24小时饥饿大鼠的肝细胞在2×10⁶在含有10 mM的碳酸氢盐缓冲盐水介质中的细胞/mlL（左）-乳酸、1 mM丙酮酸、0.3μM胰高血糖素，气相为O₂/CO公司₂(19:1). 使用西格玛化学公司（美国密苏里州圣路易斯）的葡萄糖氧化酶试剂盒测量葡萄糖。

肌肉AMPK活性和葡萄糖摄取的测量。

用二甲双胍（2 mM）或对照培养基培养离体大鼠滑车上肌3小时，然后测量AMPKα1或AMPK(23). 对于葡萄糖摄取，在3小时培养的最后30分钟，胰岛素（300 nM）出现在指示的位置。然后，3-0-如前所述，在不存在或存在二甲双胍和/或胰岛素的情况下，使用10分钟的培养来测量甲基葡萄糖摄取(23).

动物实验。

雄性SD大鼠（300-350 g，n个= 7–8). 给大鼠治疗一次（见表​表1和1和图​图5b）5b） 或两次（见图​图6）6)一天5天。最后一次给药前，大鼠饥饿20小时，然后再喂养2小时；最后一次给药4小时后，将动物麻醉，并通过冷冻夹持快速取出肝脏，然后取血。通过Ultraspec RNA分离试剂（美国德克萨斯州休斯顿市Biotecx实验室公司）从冷冻切片的肝脏中制备RNA。
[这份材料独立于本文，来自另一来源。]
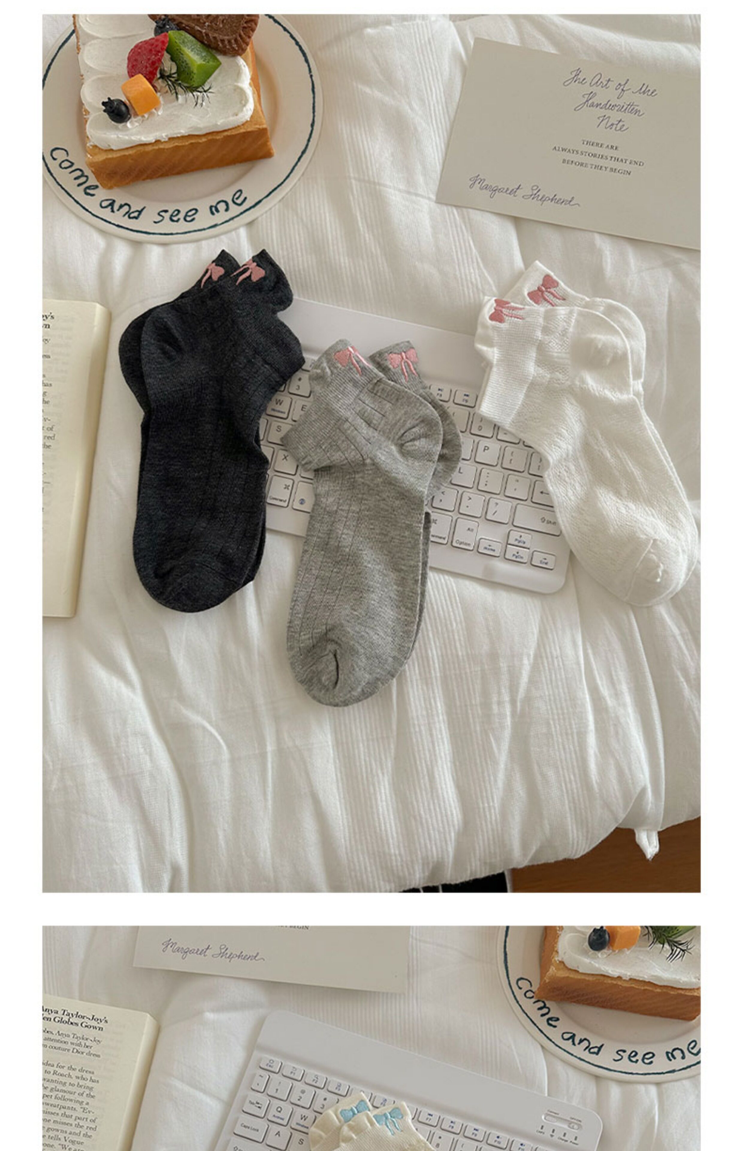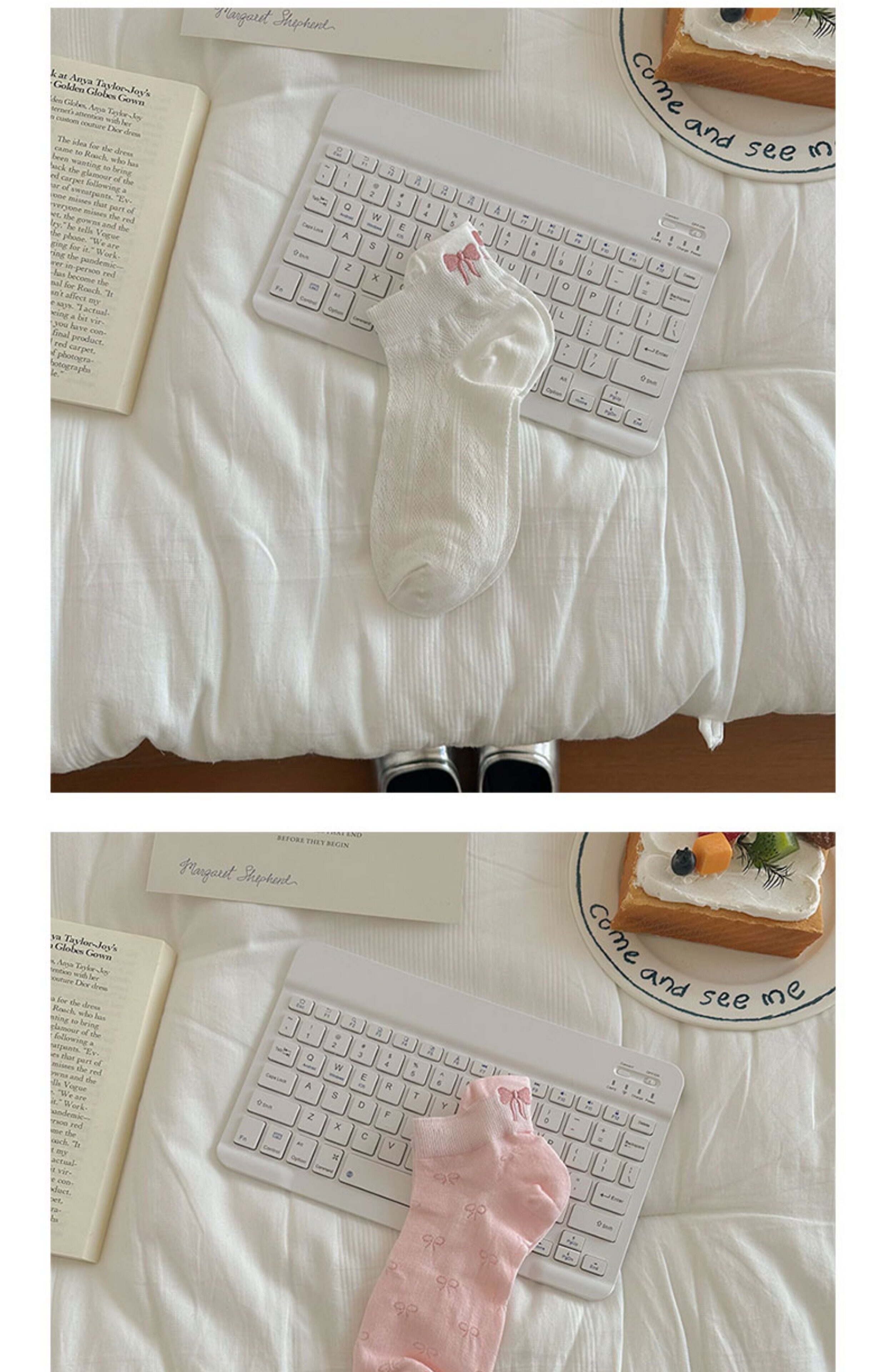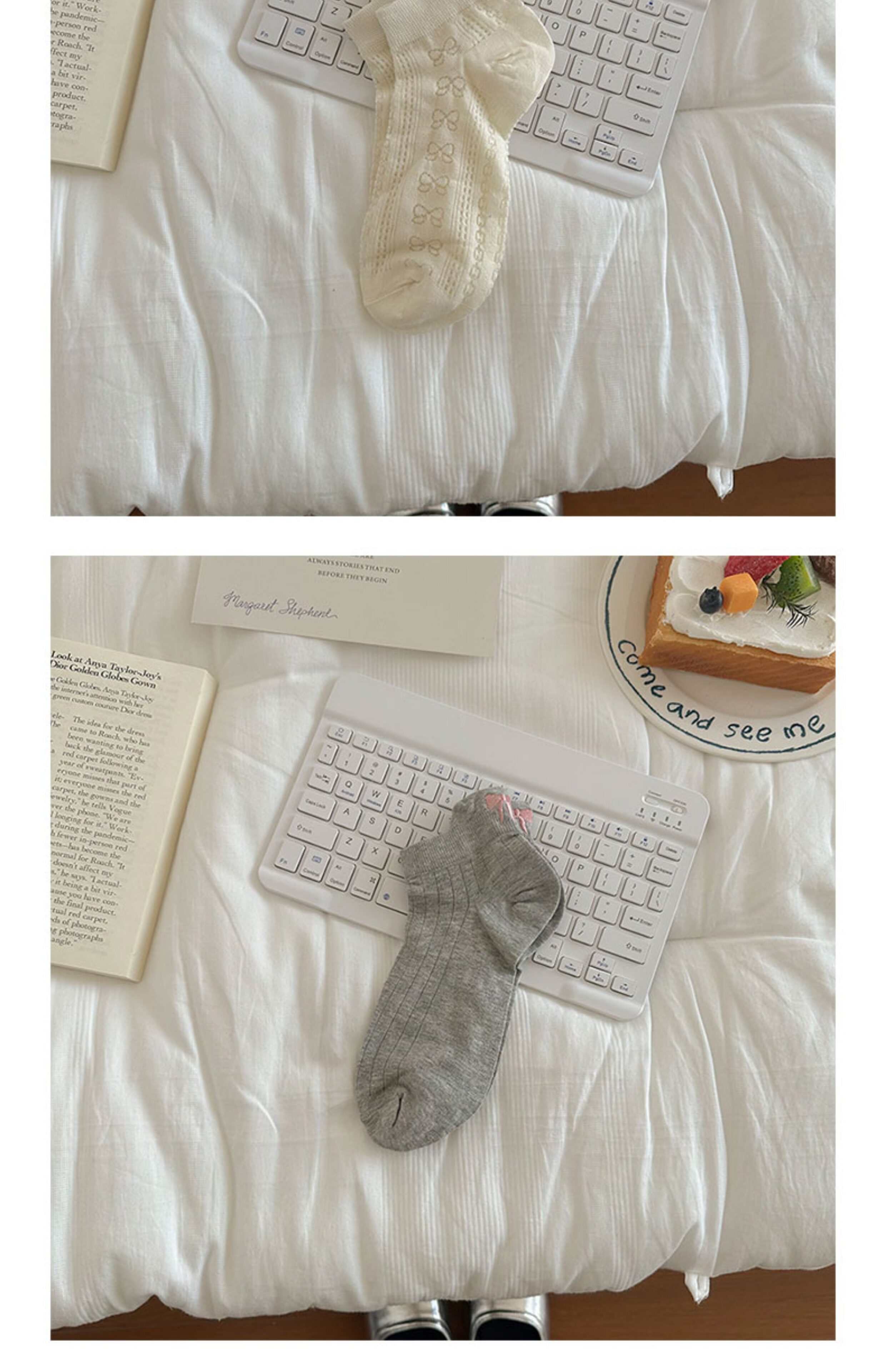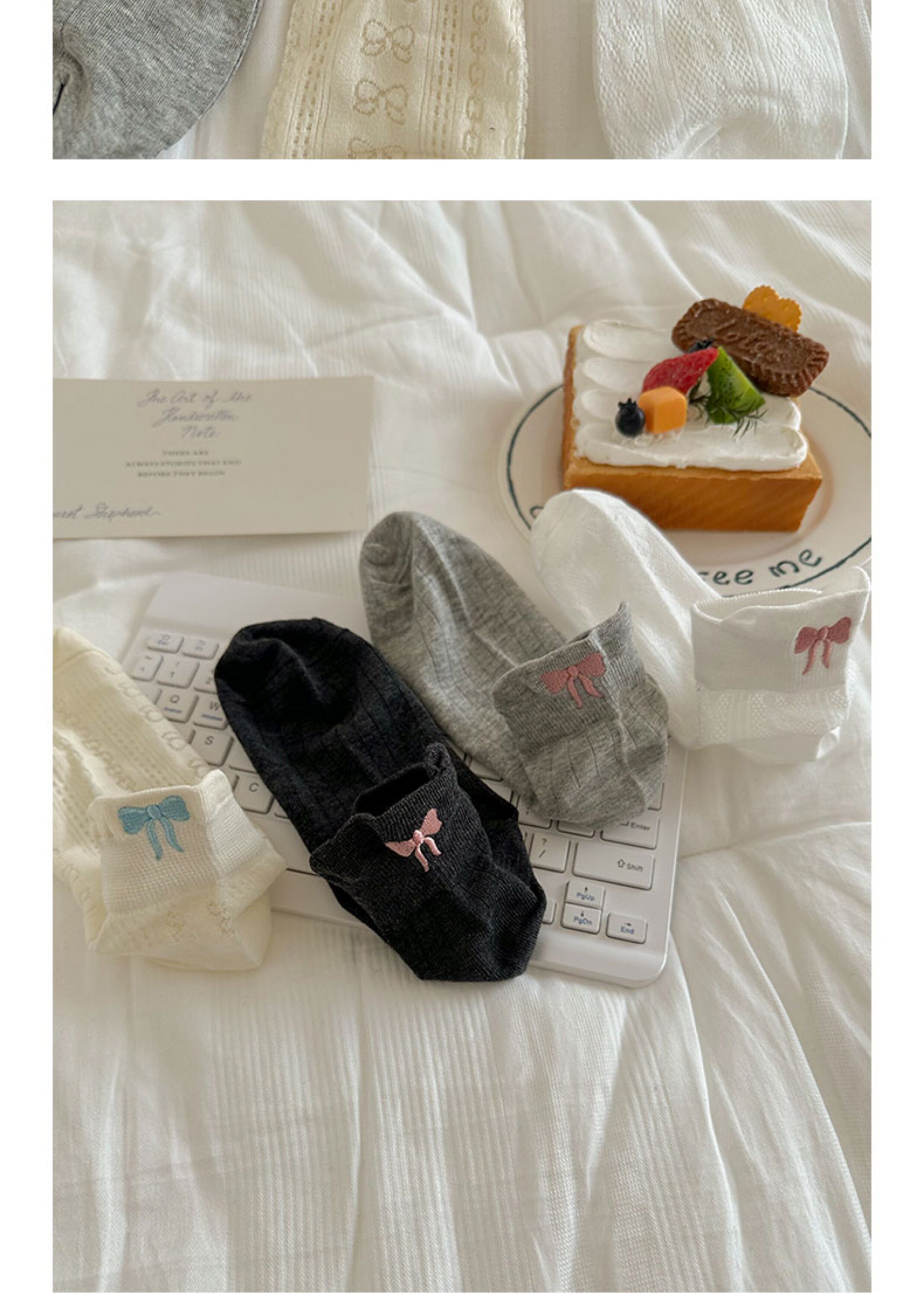 Nut Mommy Embroidered Bow Socks for Women, Mid-Calf, Thin Summer Style, Suitable for Wearing with Small Leather Shoes, White Japanese Style Heel Socks

核提取物是从7只大鼠肝脏中提取的(24). 使用标准葡萄糖氧化酶检测试剂盒测定葡萄糖水平；通过使用标准检测试剂盒（Sigma Chemical Co.）测量NAD到NADH的还原来测定β-羟基丁酸盐浓度。FFA水平使用德国曼海姆Boehringer Mannheim GmbH的检测试剂盒进行测量。使用罗氏诊断公司（美国印第安纳州印第安纳波利斯）的试剂盒检测甘油三酯水平。使用ALPCO有限公司（美国新罕布什尔州温德姆）的酶免疫分析试剂盒测量胰岛素浓度。所有体内实验均由机构动物护理和使用委员会批准。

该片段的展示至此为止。